Not meant to answer the question, but it illustrates the Road Not To Go, and thus may be helpful:
This quick-and-dirty C code calculates pow(i, 0.19029) for 0.000 to 1.000 in steps of 0.01. The first half displays the error, in percents, when stored as 1/65536ths (as that theoretically provides slightly over 4 decimals of precision). The second half shows both interpolated and calculated values in steps of 0.001, and the difference between these two.
It kind of looks okay if you read from the bottom up, all 100s and 99.99s there, but about the first 20 values from 0.001 to 0.020 are worthless.
#include <stdio.h>
#include <math.h>
float powers[102];
int main (void)
{
int i, as_int;
double as_real, low, high, delta, approx, calcd, diff;
printf ("calculating and storing:\n");
for (i=0; i<=101; i++)
{
as_real = pow(i/100.0, 0.19029);
as_int = (int)round(65536*as_real);
powers[i] = as_real;
diff = 100*as_real/(as_int/65536.0);
printf ("%.5f %.5f %.5f ~ %.3f\n", i/100.0, as_real, as_int/65536.0, diff);
}
printf ("\n");
printf ("-- interpolating in 1/10ths:\n");
for (i=0; i<1000; i++)
{
as_real = i/1000.0;
low = powers[i/10];
high = powers[1+i/10];
delta = (high-low)/10.0;
approx = low + (i%10)*delta;
calcd = pow(as_real, 0.19029);
diff = 100.0*approx/calcd;
printf ("%.5f ~ %.5f = %.5f +/- %.5f%%\n", as_real, approx, calcd, diff);
}
return 0;
}
You can find a complete, correct standalone implementation of pow in fdlibm. It's about 200 lines of code, about half of which deal with special cases. If you remove the code that deals with special cases you're not interested in I doubt you'll have problems including it in your program.
LutzL's answer is a really good one: Calculate your power as (x^1.52232)^(1/8), computing the inner power by spline interpolation or another method. The eighth root deals with the pathological non-differentiable behavior near zero. I took the liberty of mocking up an implementation this way. The below, however, only does a linear interpolation to do x^1.52232, and you'd need to get the full coefficients using your favorite numerical mathematics tools. You'll adding scarcely 40 lines of code to get your needed power, plus however many knots you choose to use for your spline, as dicated by your required accuracy.
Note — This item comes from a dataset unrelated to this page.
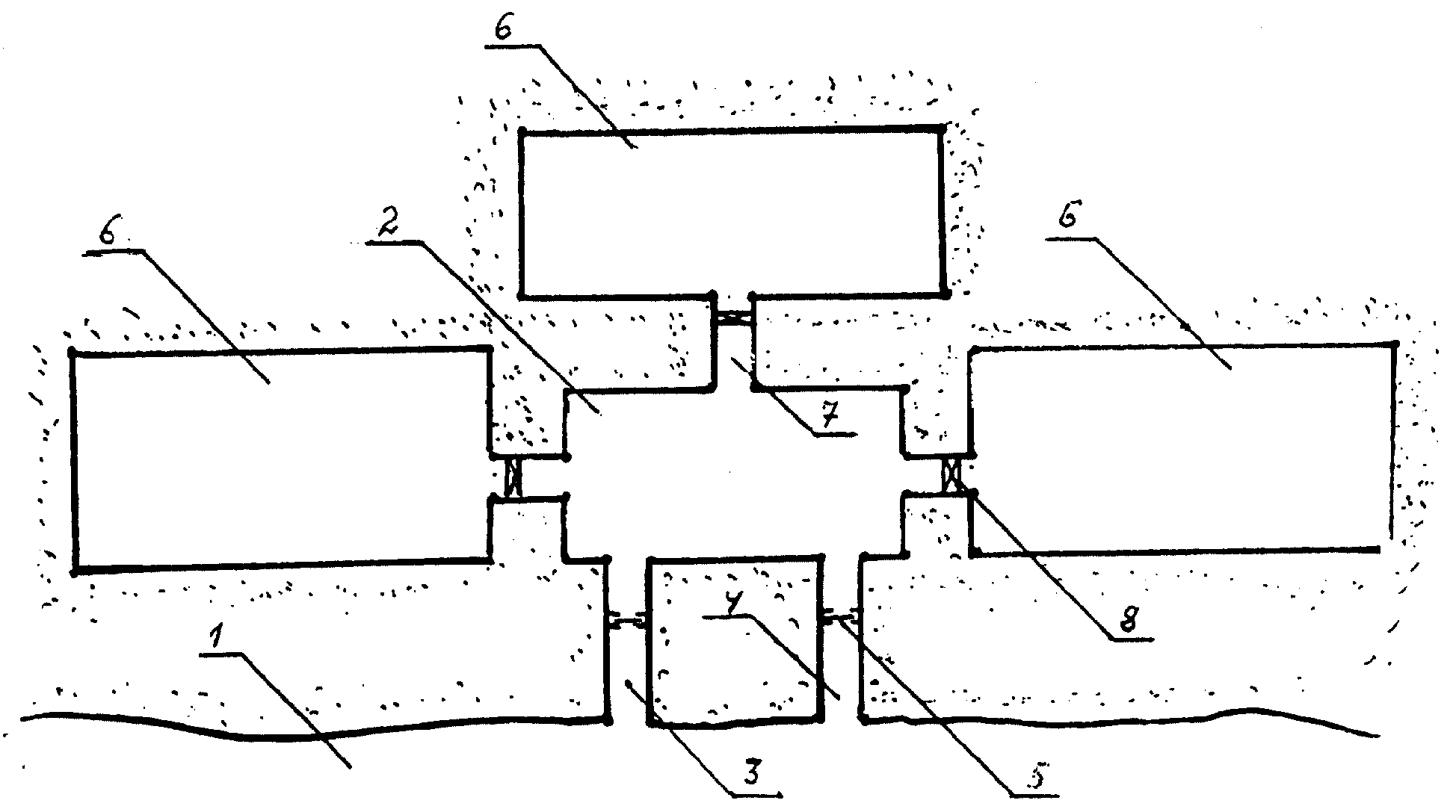 Полезная модель относится к озерному рыбоводству и может использоваться как при однолетнем, так и многолетнем выращивании рыбы в заморных и периодически заморных озерах. Известно устройство для выращивания рыбы, состоящее из заморного или периодически заморного озера, зарыбляемого трех-пяти дневными личинками пеляди, спустя 10-15 дней после распадения льда и облавливаемого осенью по открытой воде (в сентябре-октябре) или в подледный период лова (1). Однако в заморных, особенно в периодически заморных, озерах нередко обитает большое количество малоценных и хищных рыб (гольян, верховка, окунь и др.), которые за первые 3-5 дней после зарыбления полностью или почти полностью уничтожают (съедают) ослабленных после перевозки, еще не способных скрываться от хищников, личинок. Поэтому такие озера часто вообще не зарыбляются (нет смысла их зарыблять). Известно устройство для выращивания рыбы (принято за прототип), состоящее из заморного или периодически заморного озера и зимовального водоема-спутника, соединенного с озером водозаборным и водосбросным каналами со съемными перегородками (2). Водоем-спутник в известном устройстве весной используют для подращивания мелкого посадочного материала (мальков и личинок), предварительно освободив его от хищных рыб, путем, например, двух-трех кратного процеживания, а осенью и зимой для концентрации, зимнего содержания и вылова рыбы. Однако, вода в глубоком водоеме-спутнике, предназначенном для зимовки рыбы, весной прогревается медленно и, как следствие, медленно развивается кормовая база и растет рыба. Кроме того, возникает необходимость в ежегодном освобождении водоема-спутника от хищных рыб. Технический результат от использовании полезной модели заключается в улучшении условий подращивания молоди рыб (при более раннем прогреве воды и более высокой обеспеченности кормами), увеличении периода нагула и повышении продуктивности озер. Это достигается тем, что в устройстве для выращивания рыбы, состоящем из заморного или периодически заморного озера и водоема-спутника для зимовки и лова рыбы с водозаборным и водосборным каналами, имеющими съемные перегородки, около водоема-спутника расположены один или несколько, например три, спускных мелководных пруда, предназначенных для подращивания молоди или нереста производителей, соединенных с ним водоспусками. Это достигается и тем, что оно (устройство) снабжено одним или несколькими (в зависимости от количества спускных прудов) аэраторами-потокообразователями, например турбоаэраторами H16-ИАК мощностью 2-3 кВт конструкции ФГУП Госрыбцентра, используемыми летом для аэрации воды в спускных прудах, а осенью и зимой для концентрации рыбы в зоне облова, направления ее в ловушки и спасения от замора. На чертеже схематически изображено устройство для выращивания рыбы (вид сверху). Устройство состоит из заморного или периодически заморного озера 1, водоема-спутника 2, водозаборного 3 и водосбросного 4 каналов со съемными перегородками 5 и, расположенными около него тремя спускными мелководными прудами 6, с водоспусками 7 и стояками 8. Устройство работает следующим образом. До начала использования спускных прудов выполняют комплекс мероприятий, направленных на повышение рыбопродуктивности, к которым относятся удаление жесткой растительности, удобрени

Don't be scared by the #include <math.h>; it's just for benchmarking the code.
#include <stdio.h>
#include <math.h>
double my_sqrt(double x) {
/* Newton's method for a square root. */
int i = 0;
double res = 1.0;
if (x > 0) {
for (i = 0; i < 10; i++) {
res = 0.5 * (res + x / res);
}
} else {
res = 0.0;
}
return res;
}
double my_152232(double x) {
/* Cubic spline interpolation for x ** 1.52232. */
int i = 0;
double res = 0.0;
/* coefs[i] will give the cubic polynomial coefficients between x =
i and x = i+1. Out of laziness, the below numbers give only a
linear interpolation. You'll need to do some work and research
to get the spline coefficients. */
double coefs[3][4] = {{0.0, 1.0, 0.0, 0.0},
{-0.872526, 1.872526, 0.0, 0.0},
{-2.032706, 2.452616, 0.0, 0.0}};
if ((x >= 0) && (x < 3.0)) {
i = (int) x;
/* Horner's method cubic. */
res = (((coefs[i][3] * x + coefs[i][2]) * x) + coefs[i][1] * x)
+ coefs[i][0];
} else if (x >= 3.0) {
/* Scaled x ** 1.5 once you go off the spline. */
res = 1.024824 * my_sqrt(x * x * x);
}
return res;
}
double my_019029(double x) {
return my_sqrt(my_sqrt(my_sqrt(my_152232(x))));
}
int main() {
int i;
double x = 0.0;
for (i = 0; i < 1000; i++) {
x = 1e-2 * i;
printf("%f %f %f \n", x, my_019029(x), pow(x, 0.19029));
}
return 0;
}
EDIT: If you're just interested in a small region like [0,1], even simpler is to peel off one sqrt(x) and compute x^1.02232, which is quite well behaved, using a Taylor series:
double my_152232(double x) {
double part_050000 = my_sqrt(x);
double part_102232 = 1.02232 * x + 0.0114091 * x * x - 3.718147e-3 * x * x * x;
return part_102232 * part_050000;
}
This gets you within 1% of the exact power for approximately [0.1,6], though getting the singularity exactly right is always a challenge. Even so, this three-term Taylor series gets you within 2.3% for x = 0.001.